Na czele związku stoi jego przewodniczący, wybierany co 14 pełnię księżyca przez Naczelną Radę spośród jej członków, zwanych bojownikami. Zazwyczaj zostaje wybrany bojownik związku, który najlepiej upodobni się do legendarnego pierwszego założyciela – Andrzeja Małkowskiego, przez co przed każdymi wyborami chirurdzy plastyczny mają masę roboty. Przewodniczący nadzoruje Naczelnictwa harcerek i harcerzy Ich zadaniem jest pilnowanie, żeby przewodniczący nie miał za dużo roboty i szefowanie tzw. chorągwiami rozrzuconymi po województwach.

Każda chorągiew ma swojego komendanta i ludzi od brudnej roboty – tzw. zastępców i członków komendy. Można ich poznać po złotych sznurach, których w odróżnieniu od komendanta nie potrafią właściwie przypiąć. Chorągiew organizuje coroczne dezintegracje wybranego miejsca w województwie, organizując tam zlot. Przeprowadza również szkolenia politruków, czyli tzw. drużynowych. Szefuje nad hufcami, znajdującymi się w miastach.

Hufiec jest w sumie podobny do chorągwi, tylko dla odmiany mają w nim srebrne sznury. Organizuje lokalne demolki typu bal karnawałowy lub jasełka. Prowadzi również szkolenia podoficerów, tzw. zastępowych. No i szefuje drużynami.

Drużyna jest podobno podstawową komórką związku. Prowadzi ją oficer polityczny (granatowy sznur) zwany drużynowym, a pomagają mu w tym i noszą kapcie zielonosznurowi przyboczni. Drużynowy odwala właściwie większość roboty, robiąc z niczego nieświadomych, młodych osobników rodzaju ludzkiego tró harcerzy. Wklepuje im do głowy Prawo Harcerskie i pilnuje jego przestrzegania, znęca się stawiając niewykonalne zadania.

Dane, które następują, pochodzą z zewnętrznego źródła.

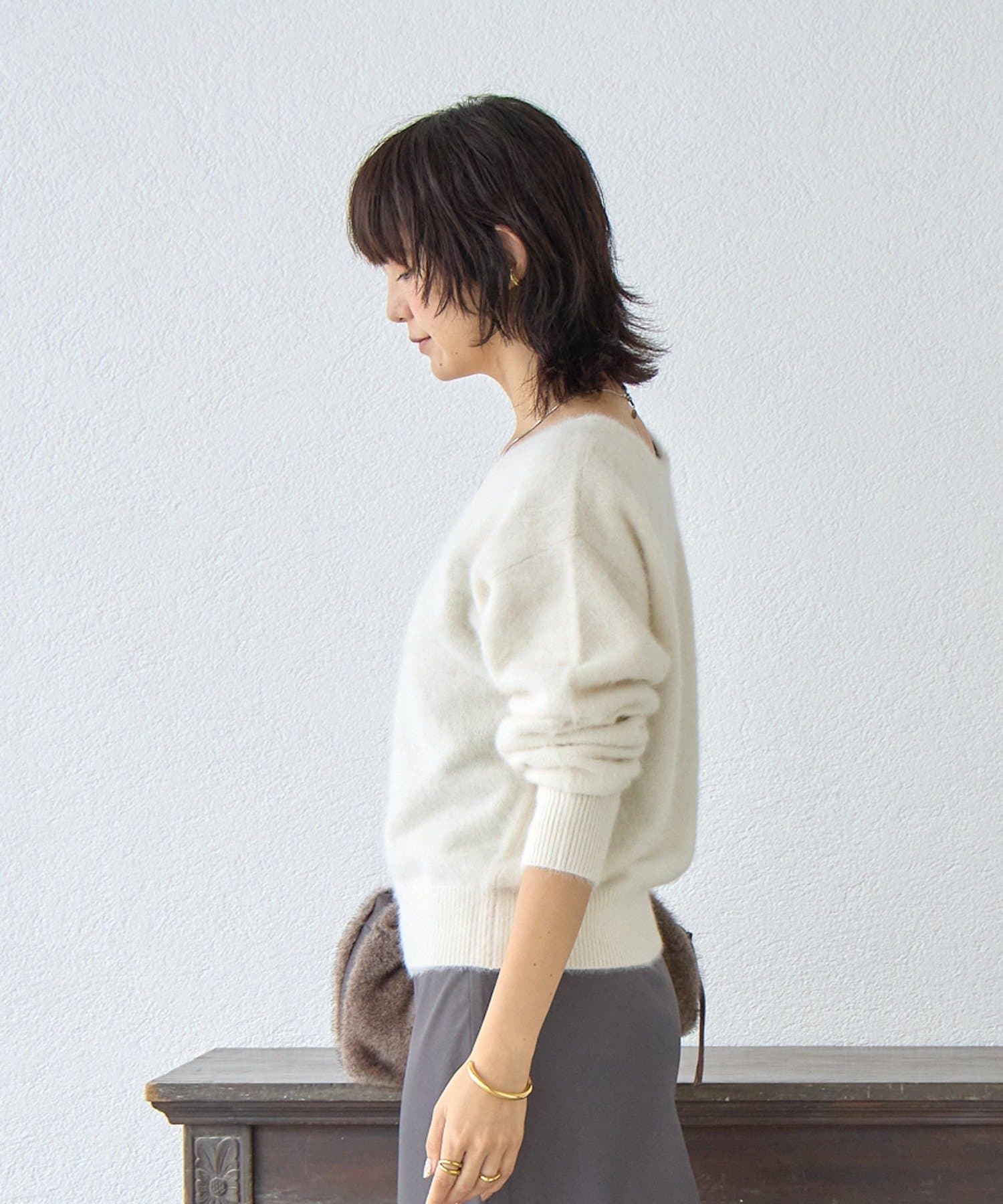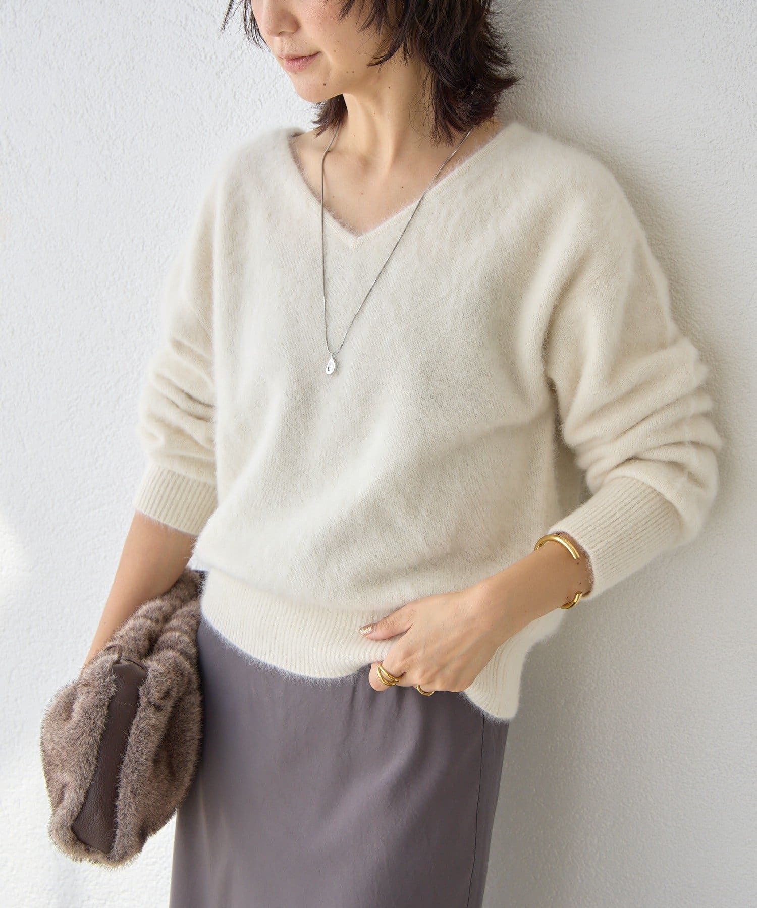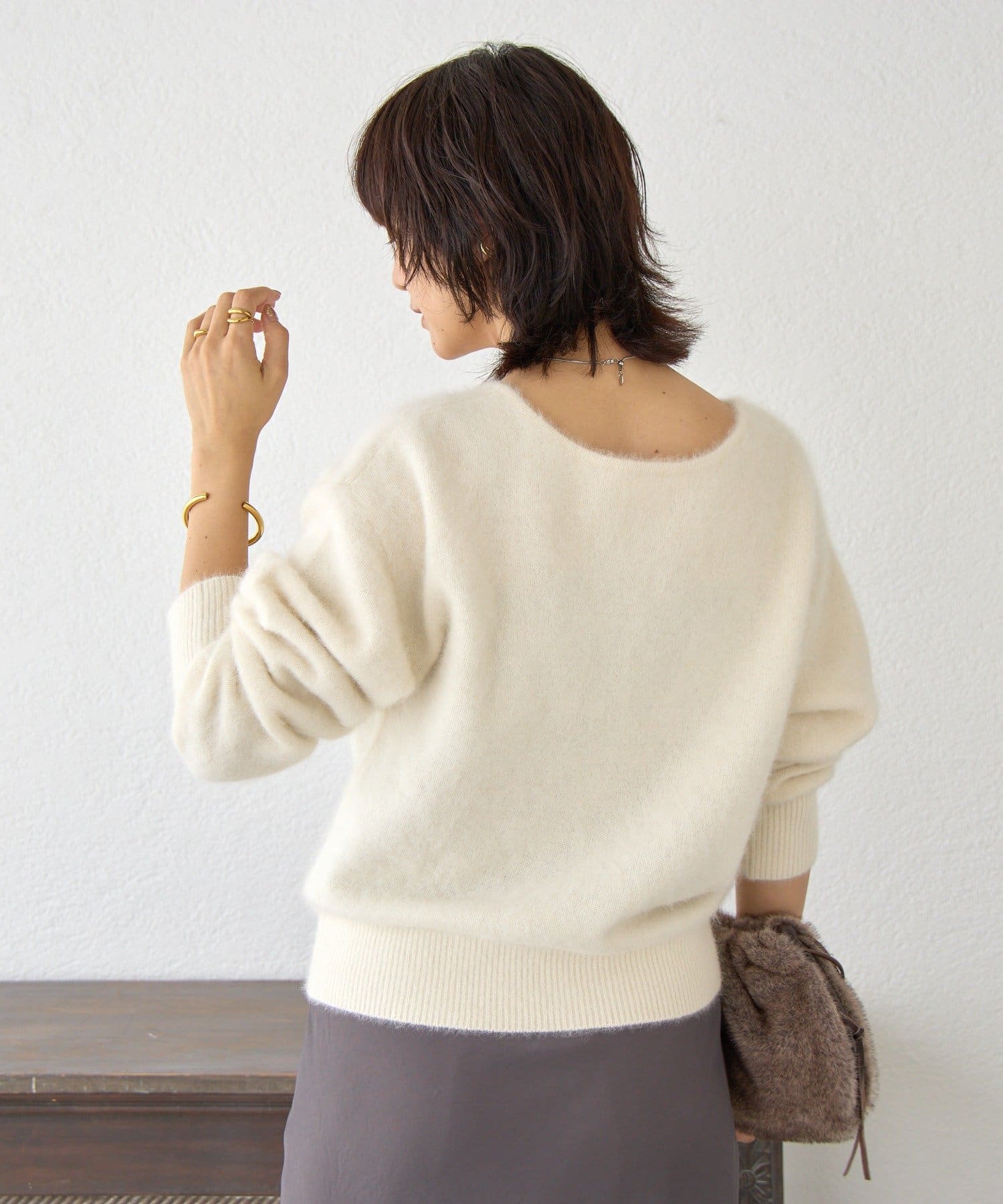 ・フワフワの毛足とカシミヤ混のならではの軽くソフトな風合いの素材を使用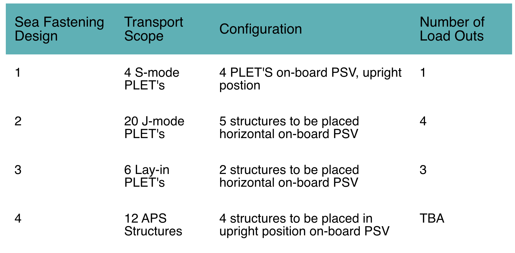 Allseas Construction Contractors S.A contracted OCS for perform grillage and seafastening design for the transportation of the PLEMs and PLETs for their Gorgon Jansz Offshore Pipelay project.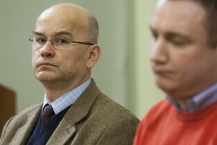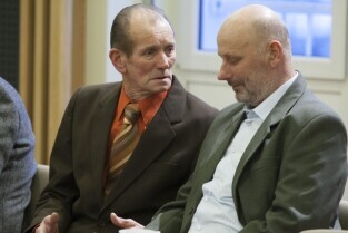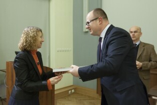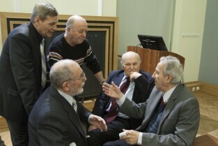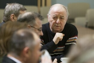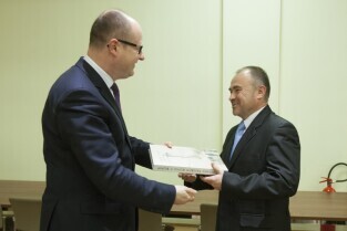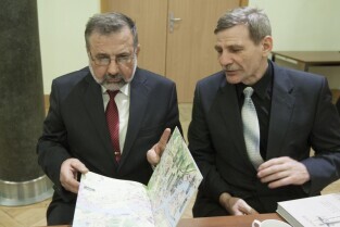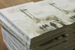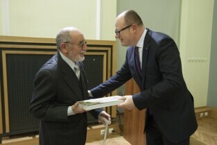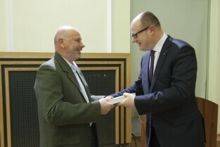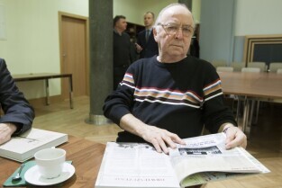 Urząd Miejski w Gdańsku. Spotkanie Prezydenta Gdańska Pawła Adamowicza z internowanymi w stanie wojennym, którym wręczył albumy fotograficzne "Gdańsk w stanie wojennym 1981 - 1983". Nz. Karol Lisiecki - jeden z redaktorów albumu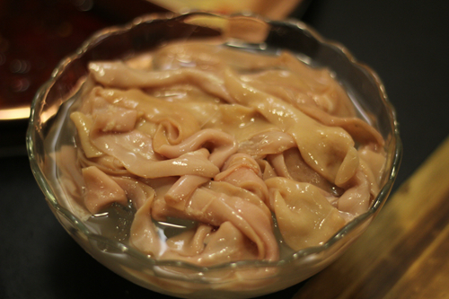天梯:大多数人都不知道这是个什么东西吧,我也是第一次品尝到,说白了就是猪上膛。涮锅的时候要把这东西先下锅煮,大约煮15分钟以上,等到吃起来有胶质感和拔丝的感觉觉得时候就是最好的了。天梯自身没有味道,你想赋予他什么样的味道他就是什么样的味道,适合各种的附加味,有的只是煮好以后的口感。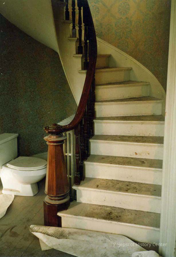 Color photo of the stairs at 79 Federal Street, Brunswick, ME, during renovations. 11/1986.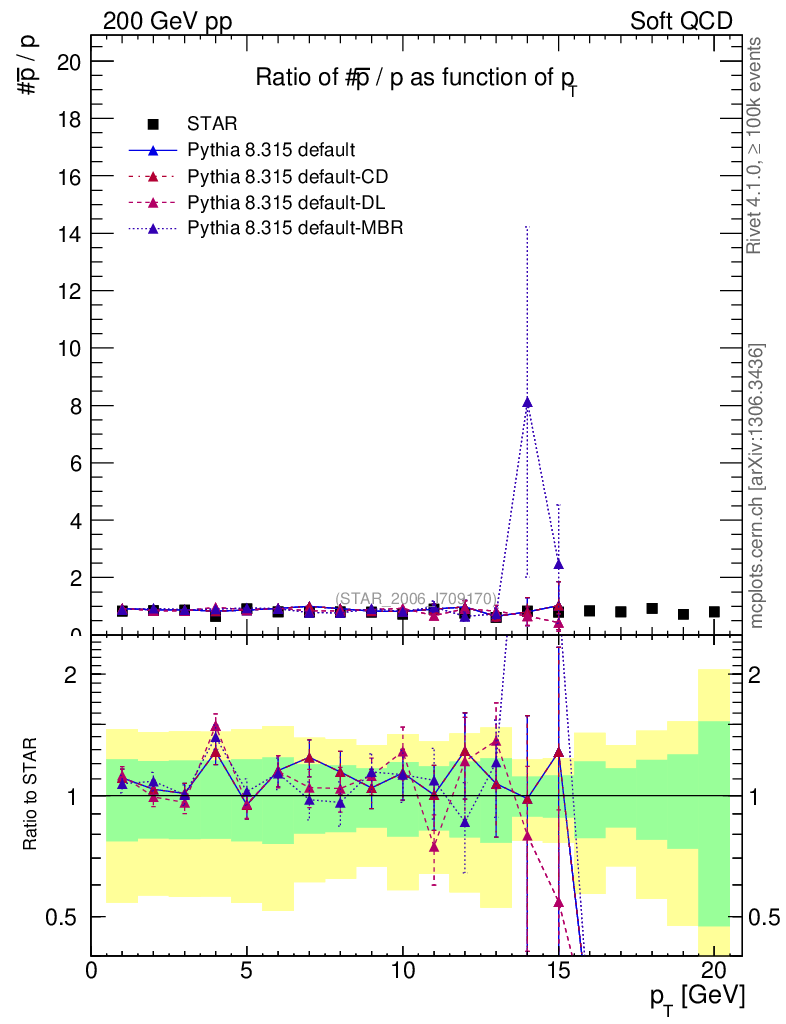 Soft QCD (inelastic) : Identified Particles : Ratios : pbar/p vs pT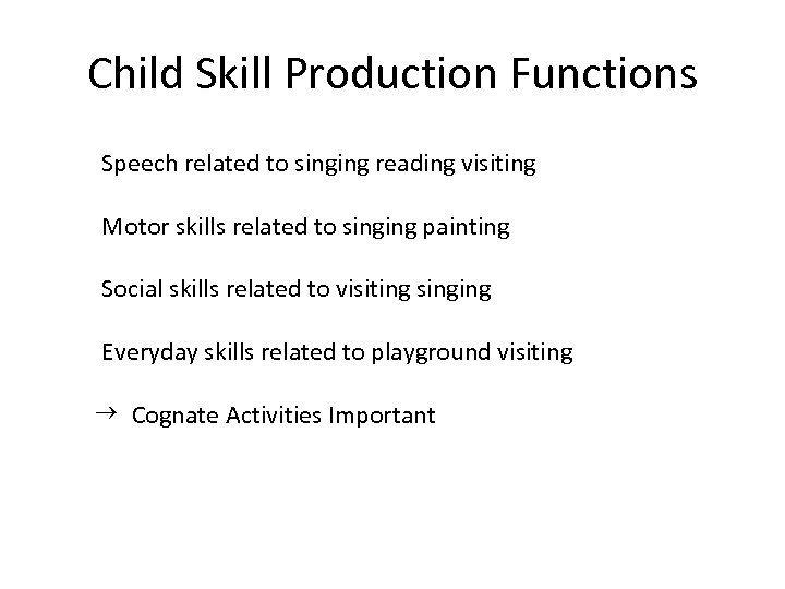 Child Skill Production Functions Speech related to singing reading visiting Motor skills related to singing painting Social skills related to visiting singing Everyday skills related to playground visiting Cognate Activities Important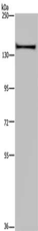 Gel: 6%SDS-PAGE, Lysate: 40 μg, Lane: A549 cells, Primary antibody: CSB-PA175695(KIF1C Antibody) at dilution 1/200, Secondary antibody: Goat anti rabbit IgG at 1/8000 dilution, Exposure time: 20 seconds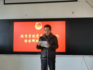 会议进行到尾声,教育学院党总支副书记徐圣辉代表教育学院党总支对新一届的委员们表示祝贺,肯定了过去一年大家为教育学院做出的努力和贡献,并希望继任教院团委负责人的同学们在工作中要全心全意为同学们服务,并且平衡学习与工作的关系,发挥榜样带头作用,带领同学们紧密团结、努力学习,以高要求、严标准投入到下一年的工作中。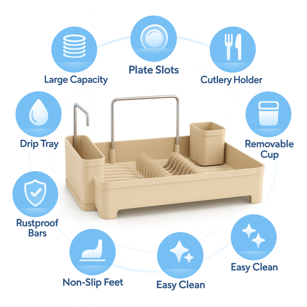 • Special Features: Adjustable drain spout, cutlery holder, support bar, non-slip feet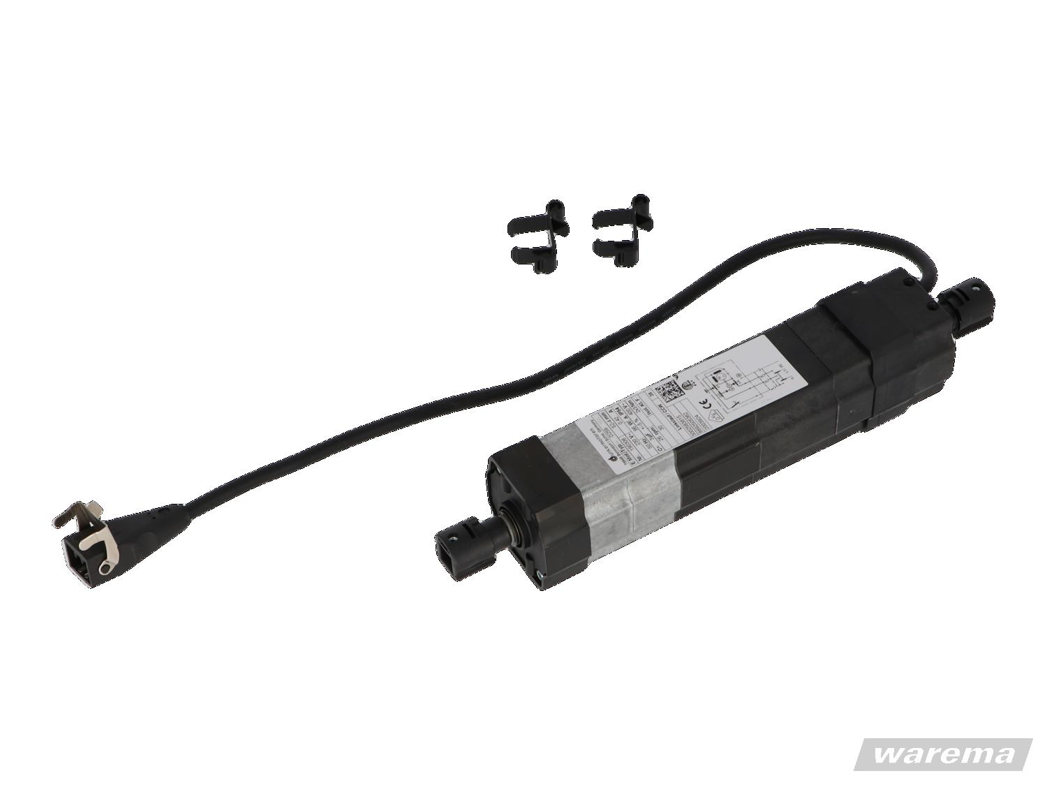 Bei diesem Antrieb handelt es sich um einen Austauschmotor für WAREMA Raffstoren/Jalousien. Die Endlagen werden mittels selbsthaltenden Druckknöpfen eingestellt. Für die Endlageneinstellung ist kein Zubehör notwendig.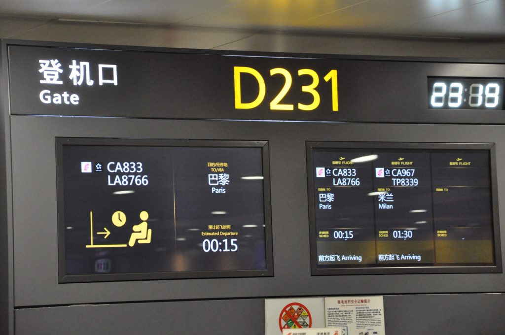 Et là c’est un peu le far-west. Une fois trouvé le comptoir pour les transferts internationaux, on nous dit qu’il nous faut attendre pour obtenir un autre ticket d’embarquement (celui que j’ai ayant pourtant été délivré par Air China). Après quelques instants, une « gilet jaune » arrive avec un tas de cartes et, un passager après l’autre, elle échange nos boarding pass avec les mêmes (délivrés par Air China également) mais avec un bandeau bleu en haut et quelques mots écrits en chinois. Jusqu’ici tout va bien. Mais ensuite, on doit passer l’immigration pour entrer en Chine, puis rentrer à nouveau en passant les contrôles de sécurité et de nouveau l’immigration qui tamponne notre visa et le ticket d’embarquement. C’est peut-être moi qui me suis trompé de chemin : en tout cas j’ai bien visité l’aéreoport. Et je ne peux pas dire que le personnel chinois ait été très accueillant ni coopératif pour m’informer (tout le contraire des japonais).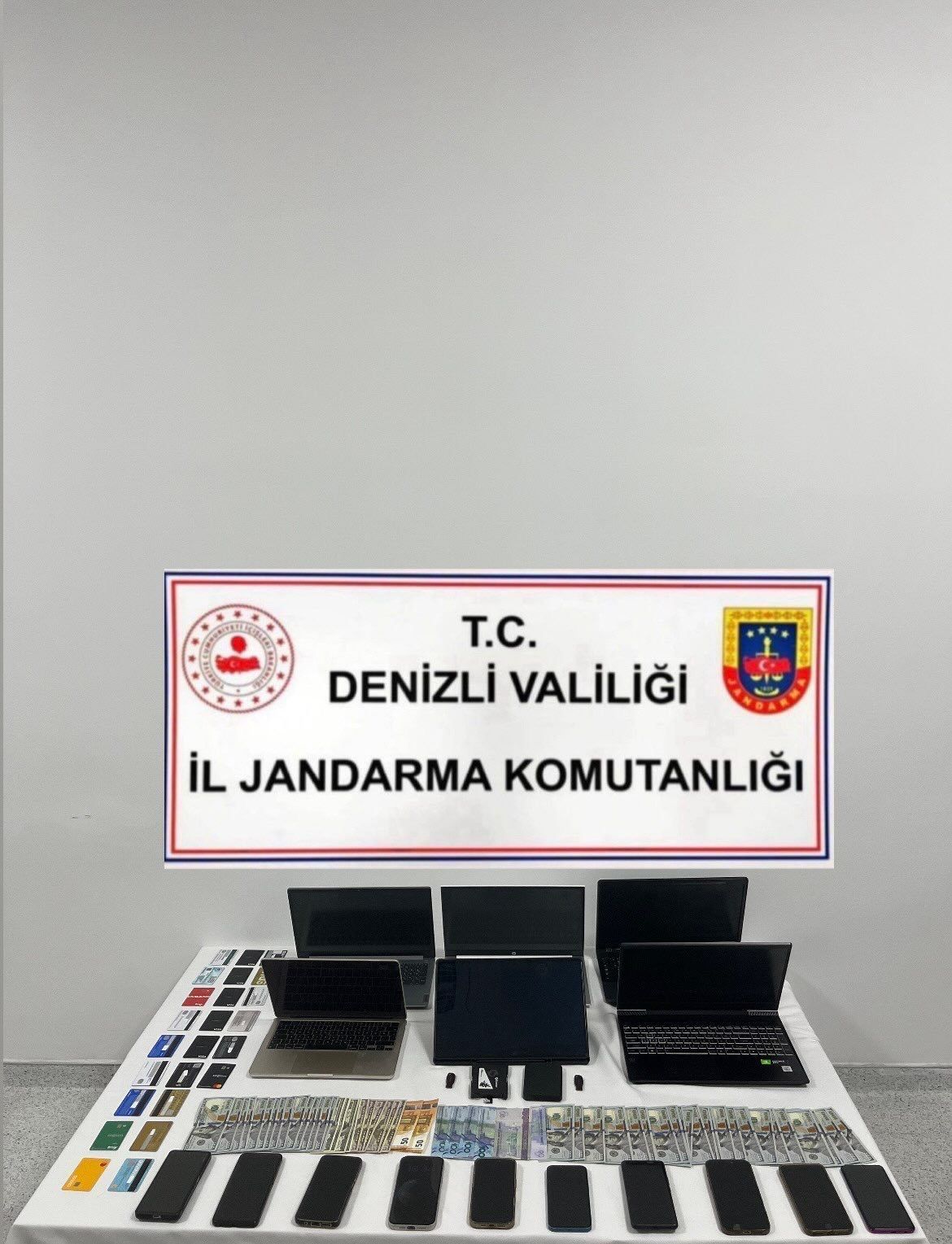 Denizli İl Jandarma Komutanlığı ekipleri tarafından yürütülen soruşturma kapsamında nitelikli dolandırıcılık suçunu bilişim sistemlerini kullanarak işlediği belirlenen şüphelilere yönelik operasyon düzenlendi. 9 ilde 14 şüpheliye yönelik düzenlenen eşzamanlı operasyon kapsamında, 18 adet cep telefonu, 19 adet sim kart, 6 adet laptop, 4 adet USB bellek, 1 adet sahte kimlik, 1 adet tablet, 1 adet harici hard disk, 3 bin 800 dolar ve 440 manat tutarında para ele geçirildi. Jandarmadaki işlemlerinin ardından 14 şüpheli geniş güvenlik tedbirleriyle adliyeye sevk edildi.

ZHP a ZHR[edytuj • edytuj kod]

No, w sumie są spoko i w ogóle fajni, ale to nie to co my

Harcerz ZHR o ZHP

No, w sumie są spoko i w ogóle fajni, ale to nie to co my

Harcerz ZHP o ZHR

A ty to jesteś harcmistrzem w ZHP!!!

Riposta harcerza ZHR

A ty to jesteś harcmistrzem w ZHR!!!

Riposta harcerza ZHP

Podział wiekowy[edytuj • edytuj kod]

W organizacji ze względu na wiek wyróżnić można:

  • zuchy (do pierwszego włosa pod pachą) młodzieżowe bojówki związku, w tzw. gromadach niezwykle groźne. Ich dowódcy uchodzą za niezniszczalnych. W najnowszej generacji bombach atomowych siły nie podaje się już w kilotonach, tylko w puszczonychluzemgromadachzuchów/h. Oficjalny przelicznik kształtuję jedną kilotonę trotylu jako 1/4 puszczonejluzemgromadyzuchów/h. Wzbudzają postrach nawet wśród starszych członków organizacji.
  • harcerze (od pierwszego włosa pod pachą do pierwszego na klacie) – główne siły związku, skupione w drużynach. Raz w roku wybierają sobie kawałek lasu, który oczyszczą ze wszystkiego łącznie z drzewami i ściółką (tzw. obóz).
  • wędrownicy (od pierwszego włosa na klacie do siwej brody). Jak harcerze, tylko trochę starsi. Lubią wbiec sobie czasem na Rysy albo wyskoczyć na weekend z dwururką na Syberię. Uważają, że niemożliwe nie ma racji bytu.